Something like the following:
struct Vec2
{
int x, y;
};
struct Bounds
{
int left, top, right, bottom;
};
int main()
{
Vec2 topLeft = {5, 5};
Vec2 bottomRight = { 10, 10 };
Bounds bounds;
//___Here is copy operation
//___Note they're not in contiguous order, harder for the compiler?
bounds.left = topLeft.x;
bounds.bottom = bottomRight.y;
bounds.top = topLeft.y;
bounds.right = bottomRight.x;
}
Those four assignments could be done like so:
memcpy(&bounds, &topLeft, sizeof(Vec2));
memcpy(&bounds.right, &bottomRight, sizeof(Vec2));
I'm wondering two things:
- Are compilers usually able to optimise in this way?

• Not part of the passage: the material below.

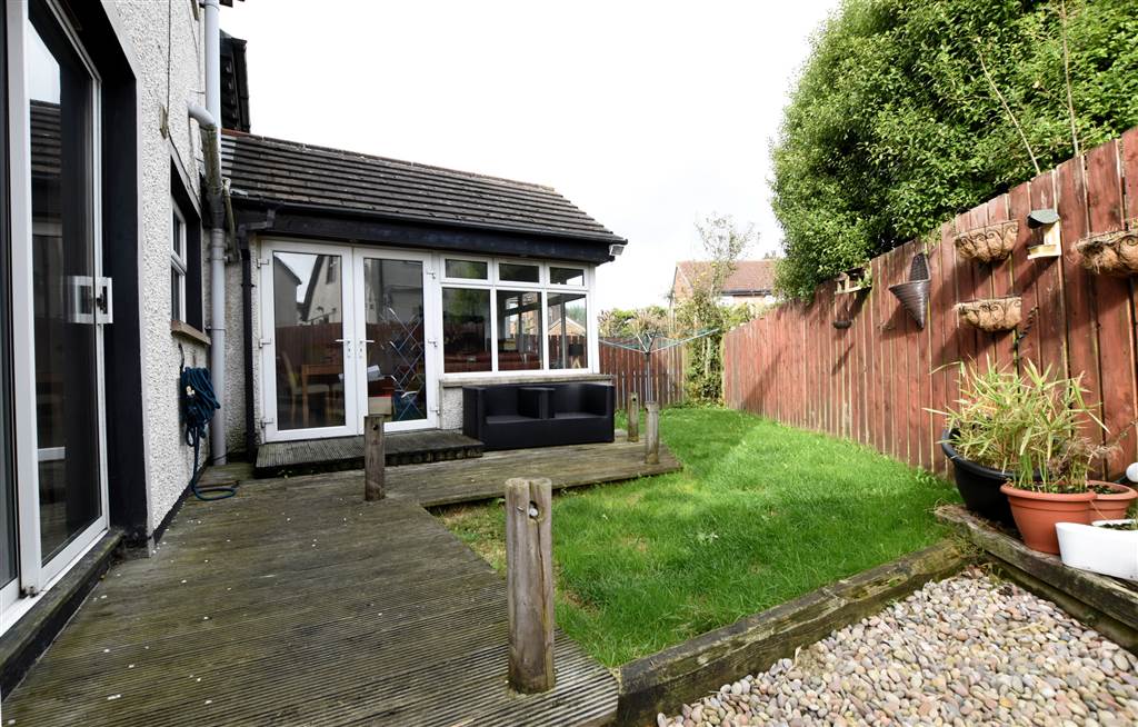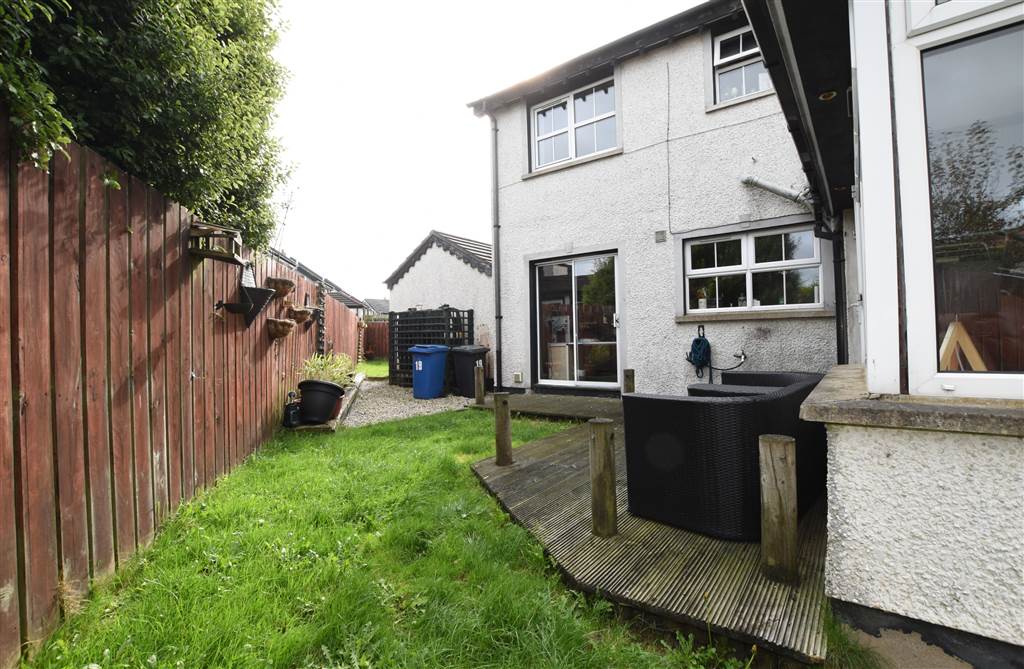 Front and rear gardens in grass with the back garden also having a patio area and outside water tap.

- Are four int copies the same as two int pair copies, as copying memory is O(n)?
I got the following disassembly results for the four copies:
bounds.left = topLeft.x;
00007FF642291034 mov dword ptr [bounds],5
bounds.bottom = bottomRight.y;
00007FF64229103C mov dword ptr [rsp+2Ch],0Ah
bounds.top = topLeft.y;
00007FF642291044 mov dword ptr [rsp+24h],5
bounds.right = bottomRight.x;
00007FF64229104C mov dword ptr [rsp+28h],0Ah
And confusingly, the two memcpys are different instructions for the first one and second one, I don't understand this:
memcpy(&bounds, &topLeft, sizeof(Vec2));
00007FF64229105E mov rbx,qword ptr [topLeft] // This is only one instruction
memcpy(&bounds.right, &bottomRight, sizeof(Vec2));
00007FF642291063 mov rdi,qword ptr [bottomRight] // Compared to 6?
00007FF642291068 mov qword ptr [bounds],rbx
00007FF64229106D mov qword ptr [rsp+28h],rdi
00007FF642291072 jmp main+7Eh (07FF64229107Eh)
00007FF642291074 mov rdi,qword ptr [rsp+28h]
00007FF642291079 mov rbx,qword ptr [bounds]
Any modern compiler supporting threads has to consider instruction dependencies and reordering. With that technology in place, it will quickly discover that there are no dependencies in the set of instructions you have, which means they can be reordered in linear memory order, and then combined.
Not that it likely matters; the CPU cache will just load the whole cache line on first access, and flush the whole cache line at some later point. It's these operations which take time, not the CPU operations themselves.